Finding the rate of change of an angle in triangle.

[ugeous]

Hello again!

The base of an isosceles triangle is 20 cm and the altitude is increasing at the rate of 1 cm/min. At what rate is the base angle increasing when the area is 100 cm^2?

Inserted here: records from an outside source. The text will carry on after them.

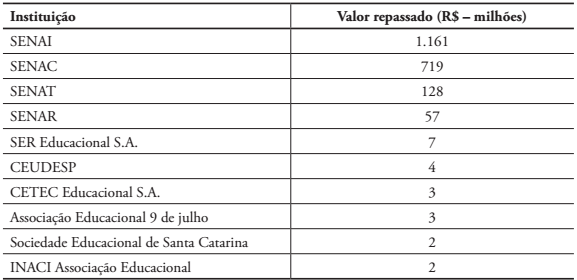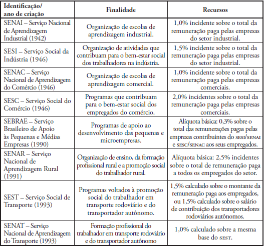 Como já comentado, trata-se de um dos modelos mais antigos de transferência de recursos públicos para o setor privado. Muito embora o setor empresarial privado procure alardear que os recursos do Sistema "S" são bancados pelo próprio setor, trata-se de uma falácia, uma vez que são tributos arrecadados pela Receita Federal do Brasil (RFB) como os demais, tendo por base essencialmente a folha de pagamentos e, como tributos indiretos que são, têm seu valor repassado ao preço final dos produtos, recaindo o ônus de seu pagamento ao consumidor, e não ao empresário que tão somente o recolhe. Diferentemente, contudo, dos demais tributos que vão compor o fundo público, os recursos do Sistema 'S' são destinados às entidades empresariais patronais que os administram de forma bastante descentralizada e pouco transparente em termos de prestação de contas. O Quadro 1 apresenta uma síntese dos seus diferentes componentes.
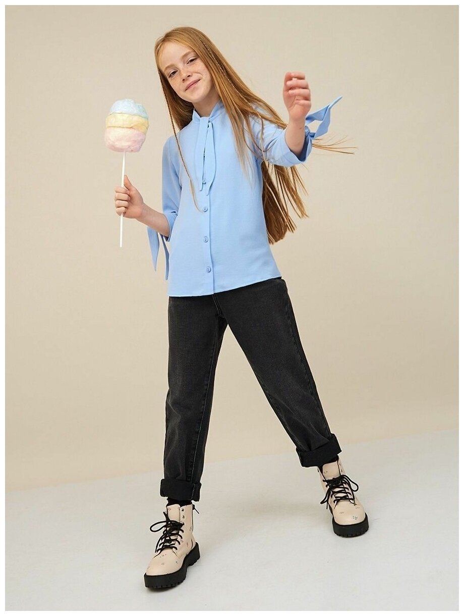 Купить Блузка для девочки подростка школьная праздничная рубашка голубая
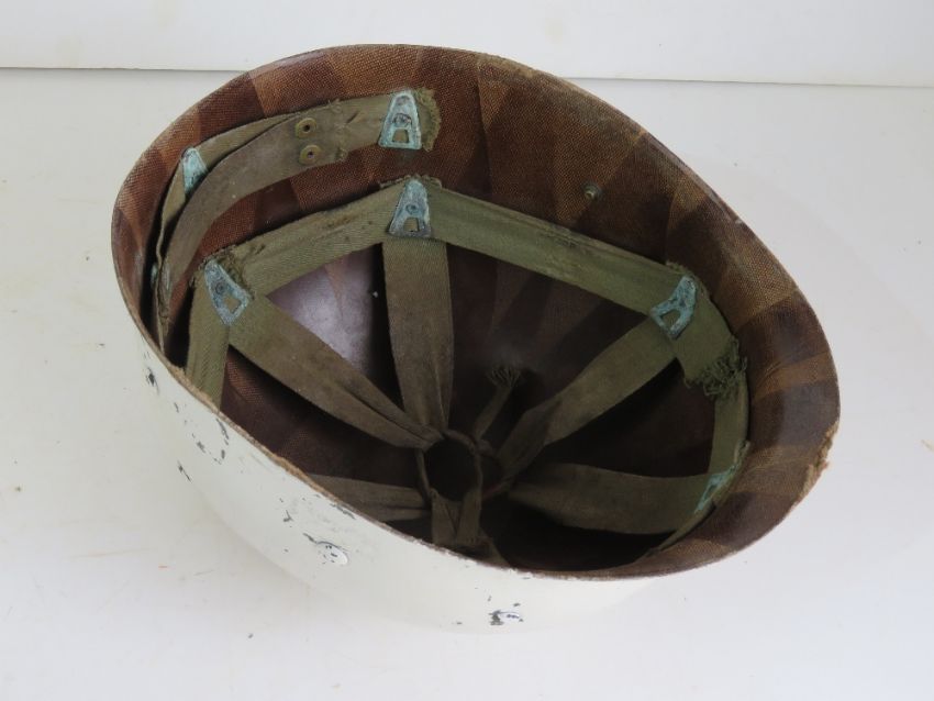 A 1970s US M1 MP helmet liner and a 1955 M1 MP liner.
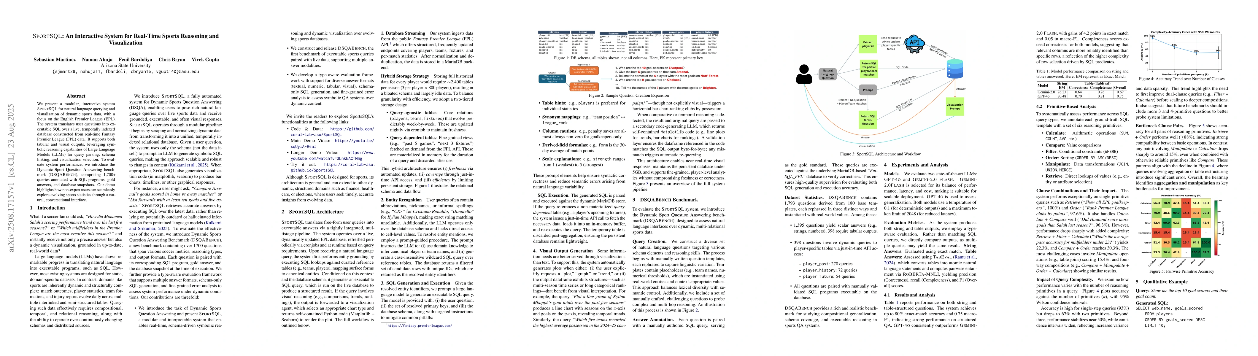 We present a modular, interactive system, SPORTSQL, for natural language querying and visualization of dynamic sports data, with a focus on the English Premier League (EPL). The system translates user questions into executable SQL over a live, temporally indexed database constructed from real-time Fantasy Premier League (FPL) data. It supports both tabular and visual outputs, leveraging the symbolic reasoning capabilities of Large Language Models (LLMs) for query parsing, schema linking, and visualization selection. To evaluate system performance, we introduce the Dynamic Sport Question Answering benchmark (DSQABENCH), comprising 1,700+ queries annotated with SQL programs, gold answers, and database snapshots. Our demo highlights how non-expert users can seamlessly explore evolving sports statistics through a natural, conversational interface.
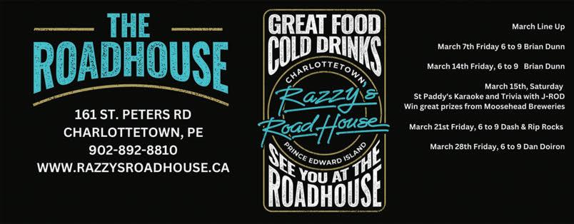 Saturdays (6–9 pm): Lawrence Maxwell (Mar 1); Wayne Gallant (8); no show (15); Billy White (22); Karen & Mike Penton (29). 21 Exhibition Dr, Charlottetown.
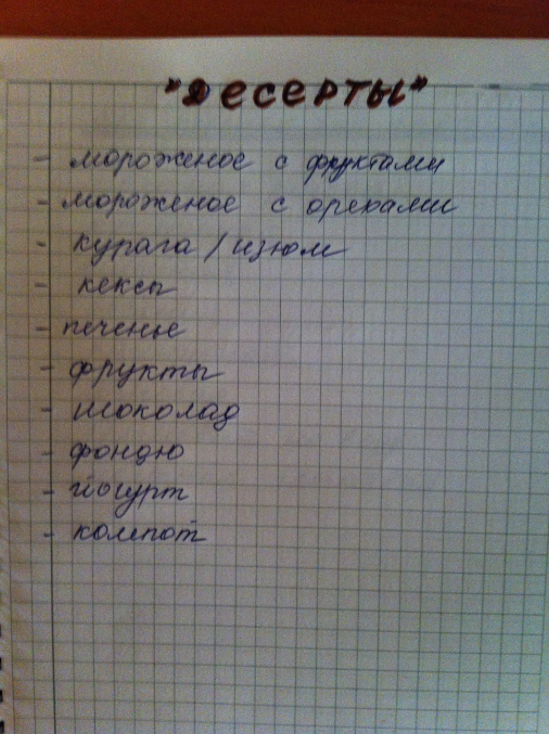 В десерты включила Йогурт и Компот, вообще, мысль возникла сделать отдельно лист - "НАПИТКИ", куда включу их, и возможно - кефир, топленое молоко, питьевой йогурт и т.п. -
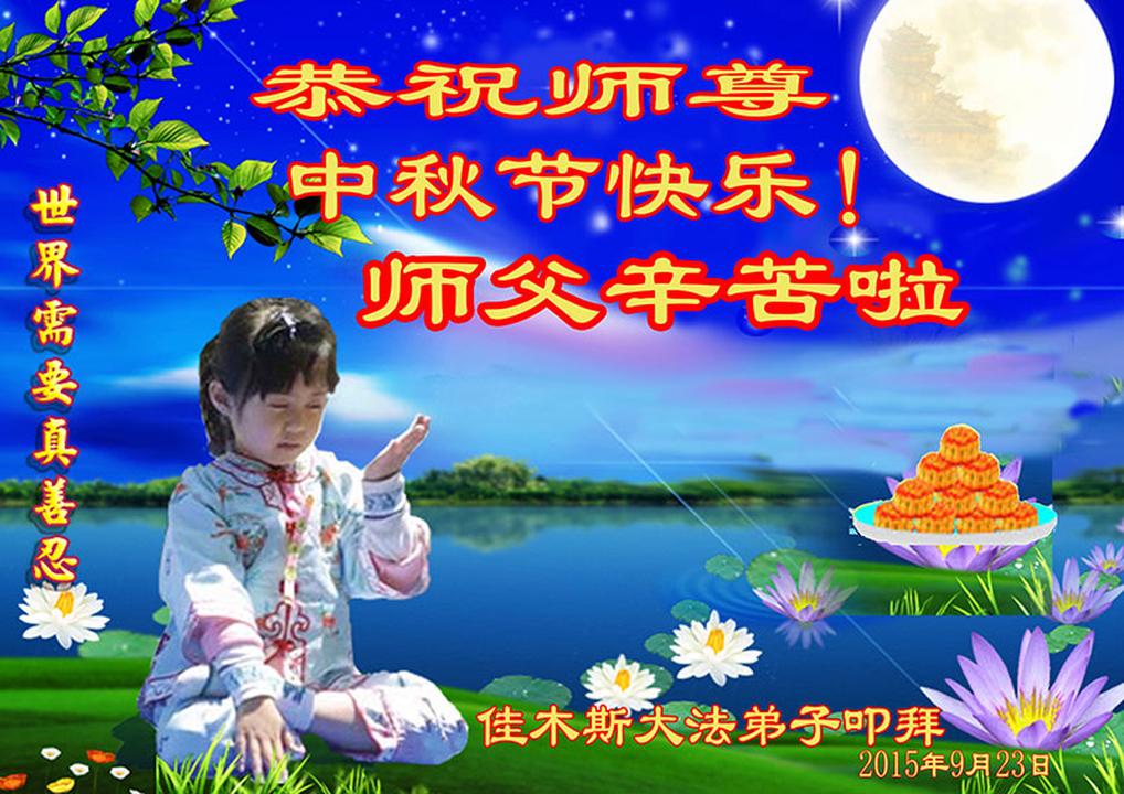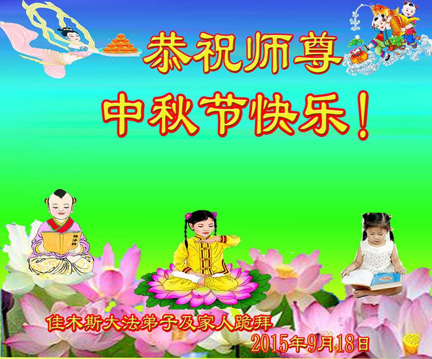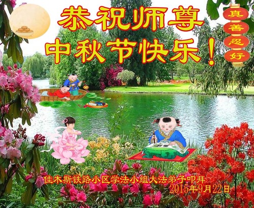 Practitioners from Jiamusi City Wish Revered Master a Happy Mid-Autumn Festival!
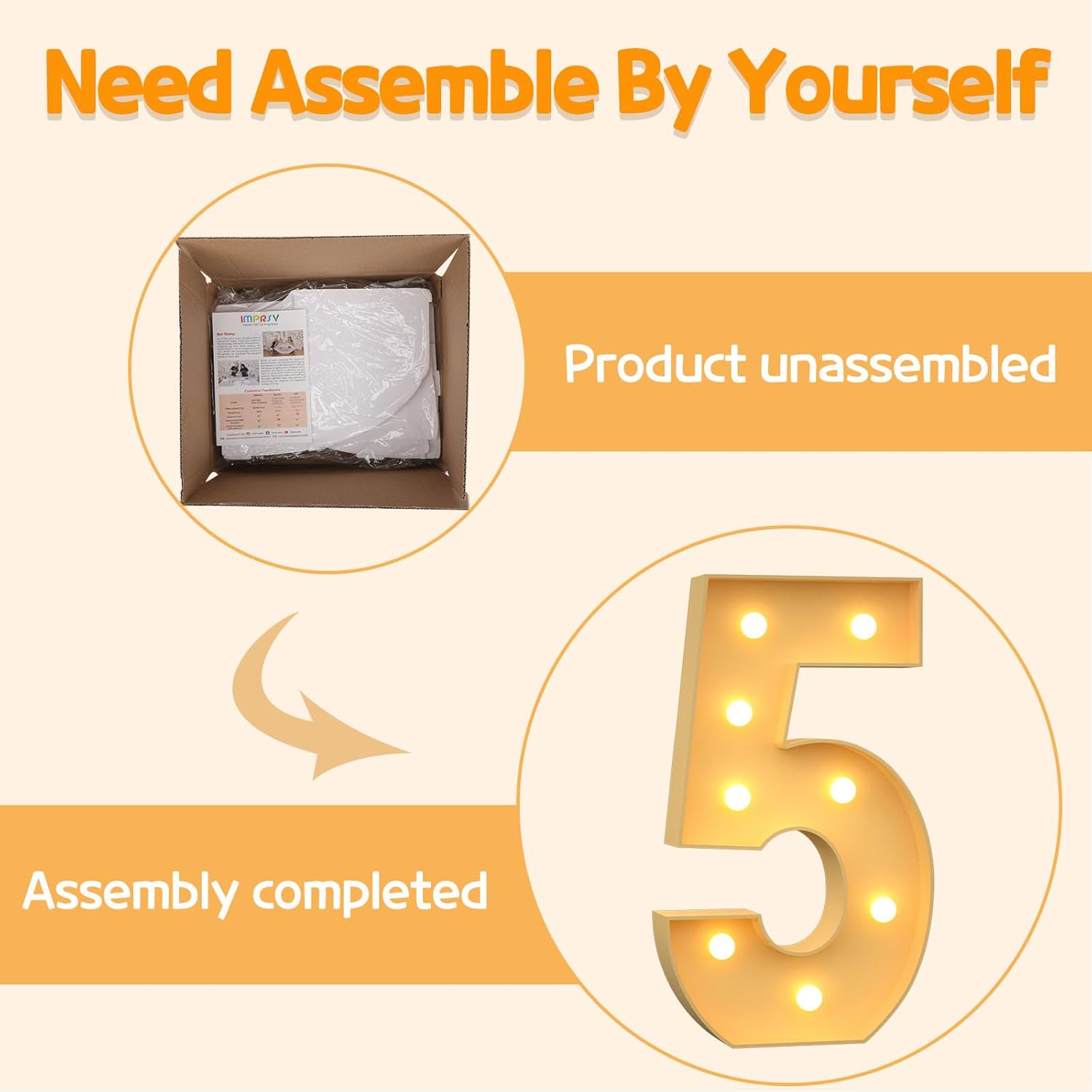 - Assembly Required: Our large marquee numbers is made from foam board and easy to assemble with our splicing mode. Just follow the numbered instructions to align and insert the bottom plate, and reinforce it with a hot glue gun. Then, you're done!
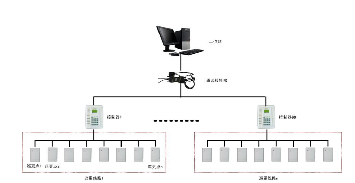 随着网络及电子技术的发展,电子巡检出现了,早期的电子巡检依线而进, 所达之处需要进行综合布线, 巡检人员按布线的范围进行检查。它的缺点是施工量大,成本高,容易受到温度、湿度、布线范围的影响,安装维护也比较麻烦,而且对于已装修好的建筑而言,要重新进行配置也显得较为困难;另外,室外安装的传输线路也容易遭受人为的破坏。
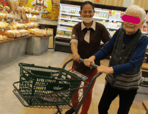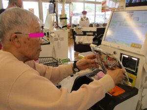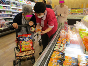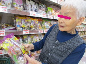 お買い物レク⇒バロー浄水店にお買い物に行って来ました。皆さま、好みのおやつをカゴに入れ、初体験!セルフレジで会計を済ませて帰りました!
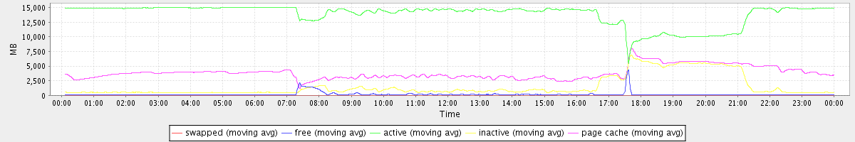 avg(swapped) = 11.17 avg(free) = 158.96 avg(active) = 13841.06 avg(inactive) = 1517.10 avg(page cache) = 3850.59
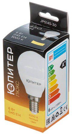 Лампа светодиодная E14 ЮПИТЕР Люкс G45 6 Вт 3000К (JP5145-30) предназначена для использования в стандартных электрических сетях. Не создает электромагнитных помех другим устройствам, соответствует всем стандартам по энергобезопасности. Алюминиевый радиатор в пластиковом кожухе обеспечивает низкую температуру нагрева за счёт отвода тепла от основных частей лампы. Класс А+ энергоэффективности гарантирует максимальную световую отдачу при минимальных затратах на энергопотребление. Время работы – 30000 часов. Температура использования от -25 до +40 градусов Цельсия.
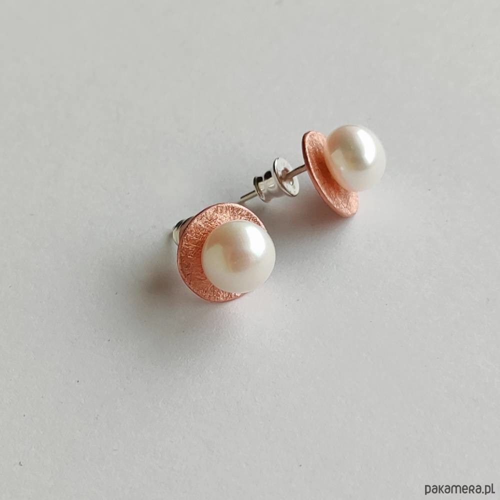 Oryginalność i prostota. OKRĄG - kształt doskonały. Kolekcję cechuje elegancja i prostota jak również ekstrawagancja i indywidualizm. Kolczyki na sztyftach wykonane są z : srebro, Perła różowa ( 0k 7,5 mm)Srebro - próby 0,925,miedź - zmatowiona, . Długość kolczyków - ok. 1,2cm
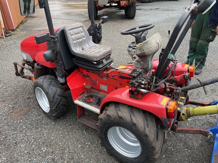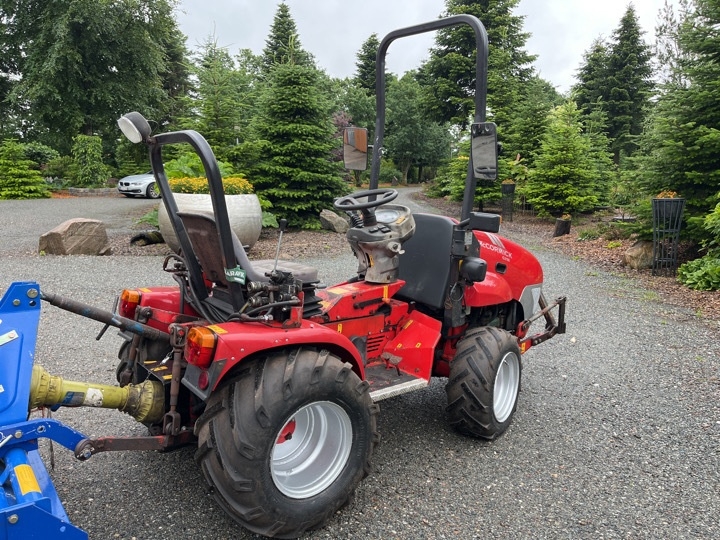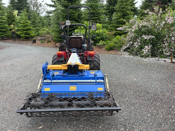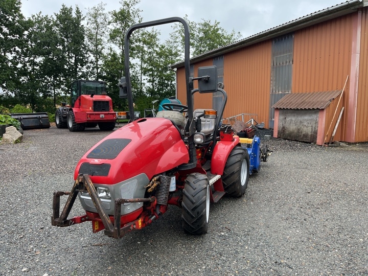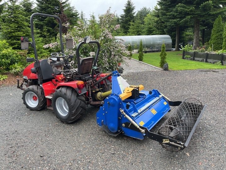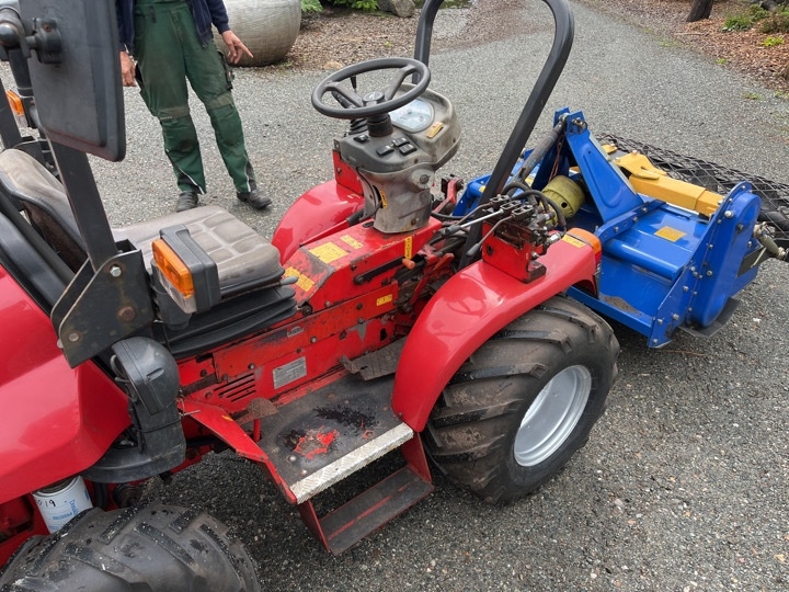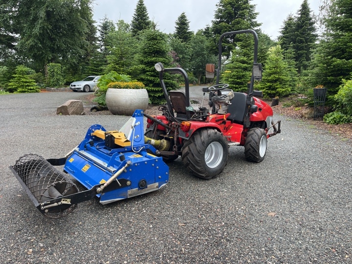 Kompakt traktor med stennedlægningsfræser

I think I have found the solution, but want to have someone else check it over b/c I am not 100% sure.

So...

tan$$\theta$$ = h/10
d$$\theta$$/dt = 1/10 (cos^2$$\theta$$)

A= b*h /2
100= 20h/2
h=10

at h=10
tan$$\theta$$ = 10/10
tan$$\theta$$ = 1

sin$$\theta$$ = cos$$\theta$$(tan$$\theta$$)
sin$$\theta$$=cos$$\theta$$

sin^2$$\theta$$ + cos^2$$\theta$$ = 1
cos^2$$\theta$$ + cos^2$$\theta$$ = 1
cos^2 $$\theta$$ = 1/2

d$$\theta$$/dt = 1/10(1/2) = 1/20

Answer: Rate increases at 1/20 radians/m

 

[Dick]

That looks right. But starting from tan(theta)=1, you should know the solution to that is theta=pi/4. And cos(pi/4)=sqrt(2)/2. So cos^2(theta)=2/4=1/2. Memorizing the values of trig functions at some selected values can save you that kind of roundabout way of finding cos^2(theta).

 

[ugeous]

Great! Thank you Dick!

:-)